Habituellement, Brandt a poursuivi dans le discours d'introduction du rapport, la guerre est pensée en termes de conflit militaire sinon d'anéantissement. Mais la prise de conscience se répand de plus en plus qu'un danger non moindre pourrait être posé par le chaos, résultat de la faim généralisée, des catastrophes économiques, des catastrophes écologiques et du terrorisme.

Autant d'aspects avec lesquels non seulement les pays moins ou moins développés sont contraints de faire face au quotidien, mais de plus en plus aussi les plus développés.

Les tensions continues qui agitent les sociétés occidentales semblent imparables en raison des guerres et du terrorisme qui ont un impact direct et indirect par des attentats ou des migrations, des crises financières et économiques et, enfin et surtout, des pandémies qui attaquent tout le système. Et pourtant, encore une fois, il semble témoigner d'une attitude qui est à l'opposé de ce qu'ils ont voulu indiquer Brandt, Kishmore ou Stiglitz.
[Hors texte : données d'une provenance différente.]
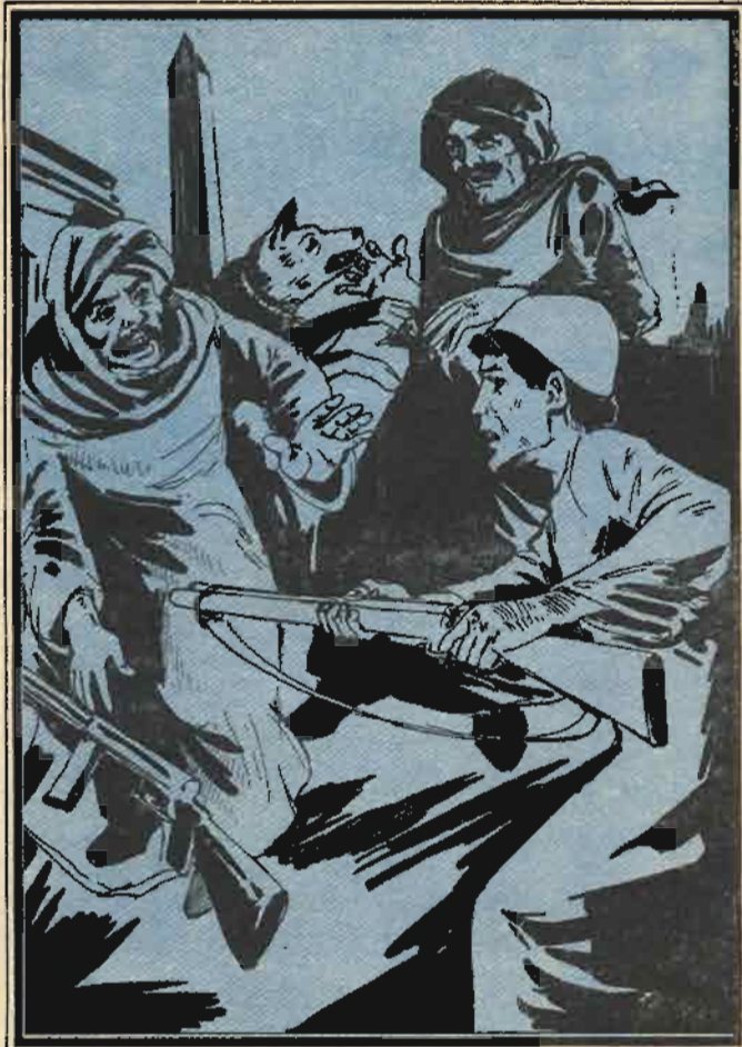
وصوب «سيد» بندقيته نحو «أبو الليل»

«بدران» و«همام» وربطت «مشيرة» جروح «بدران» التي سببها له «فهد».
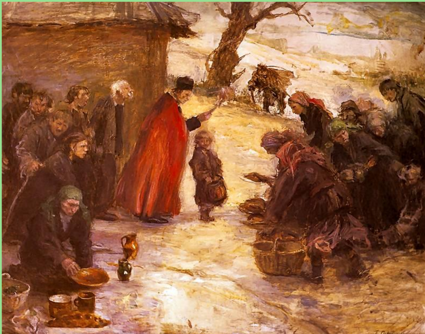
Teodor Axentowicz (1859–1938), Święcone , ok. 1899 r. W zbiorach Muzeum Sztuki w Łodzi.
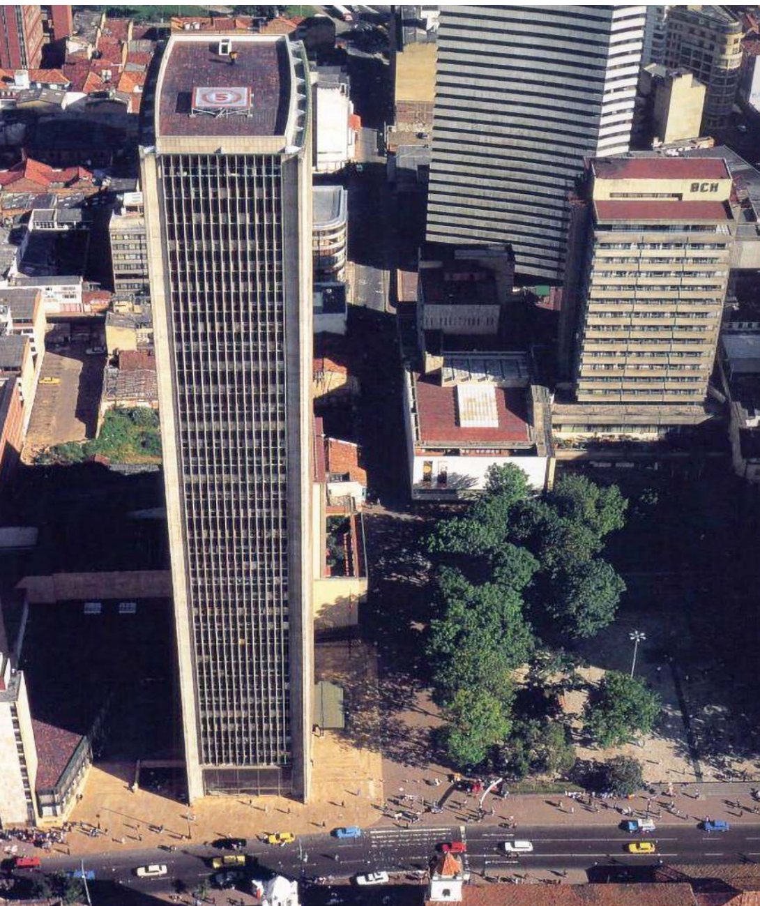
Tras la tragedia y las labores de reconstrucción, el Edificio Avianca fue reinaugurado y hasta el día de hoy la estructura está en funcionamiento.
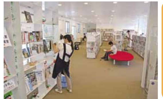
真壁伝承館 真壁図書館

立秋も過ぎ、朝夕の涼しさに秋の気配を感じる季節となりました。秋と言えば読書の秋です。市の図書館(室)に足を運んでみてはいかがでしょうか。思いがけない本に出会えるかもしれません。今月号では、同図書館(室)をご紹介します、多くの市民の皆様にご利用いただければと思います。
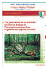
Réseau régional des gestionnaires d'espaces naturels protégés
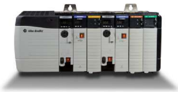
Рисунок 2 - Фотография контроллера ControlLogix (серия 1756)
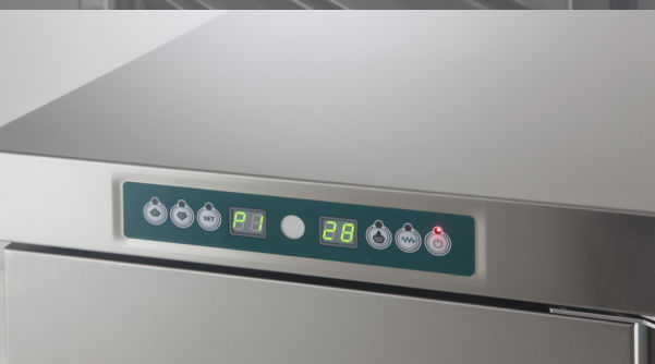
Panneau de commande digital
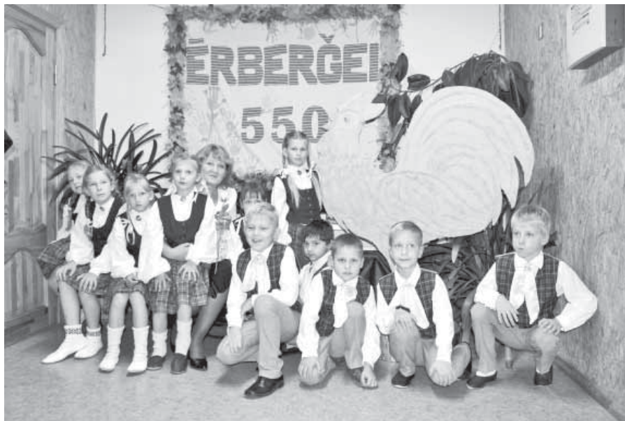
Mazzalves pamatskolas dejotāji un skolotāja gandarīti un lepnī pie pagasta simbola – gaiļa.
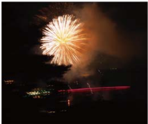
▲供養花火が夜空を彩りました

8月12日から新型コロナウイルス感染症の感染拡大により宮城県・仙台市の緊急事態宣言が発表されたこともあり、町内のイベントがほとんど中止となる中、例年とはちがった静かな夏の夜空を彩る花火となりました。

Les plus forts ou les moins touchés qui ont du mal à rencontrer les moins forts ou les plus touchés.

Qu'il suffise de mentionner, à titre d'exemple, ce qui se passe en Europe à l'idée de mettre en place un Fonds de relance qui devrait aider les nations les plus touchées par le Covid-19 à sortir de la crise. Des pays comme l'Autriche et les Pays-Bas ont immédiatement manifesté leur opposition à toute forme de partage de la dette, alors que une telle perspective serait bien accueillie par les pays les plus touchés, comme l'Italie et l'Espagne. La France et l'Allemagne, en revanche, ont présenté une proposition de subventions non remboursables.

Cette dernière position en particulier a également été soutenue par le prix Nobel d'économie 2001 ainsi que par le professeur de l'université de Columbia, Joseph Stglitz, qui a publiquement déclaré qu'il trouvait inquiétant qu'il y ait encore des pays en Europe qui veulent imposer des conditions à l'aide, préférant débourser des prêts plutôt que de penser en termes de transferts ou en tout cas d'aides autres et différentes.

Brandt lui-même dans le rapport de 1980 soulignait à quel point le simple octroi de prêts pour le développement elle ne ferait qu'alourdir la charge de la dette des pays du tiers monde, si elle sert à créer des industries sans en assurer en même temps les moyens de remboursement.

Pour la plupart, c'est exactement ce qui s'est passé. Une nouvelle augmentation de la dette n'est certainement pas souhaitable, et pas seulement pour les pays dits du tiers monde. En général pour tous les pays du sud, y compris l'Europe.

Bibliographie de recherche

Fernando D'Aniello, Domenico Romano, Jacopo Perazzoli (eds.), Pour un modèle de développement alternatif. Quarante ans après le Rapport Brandt, Milan, Fondation Giangiacomo Feltrinelli, 2019.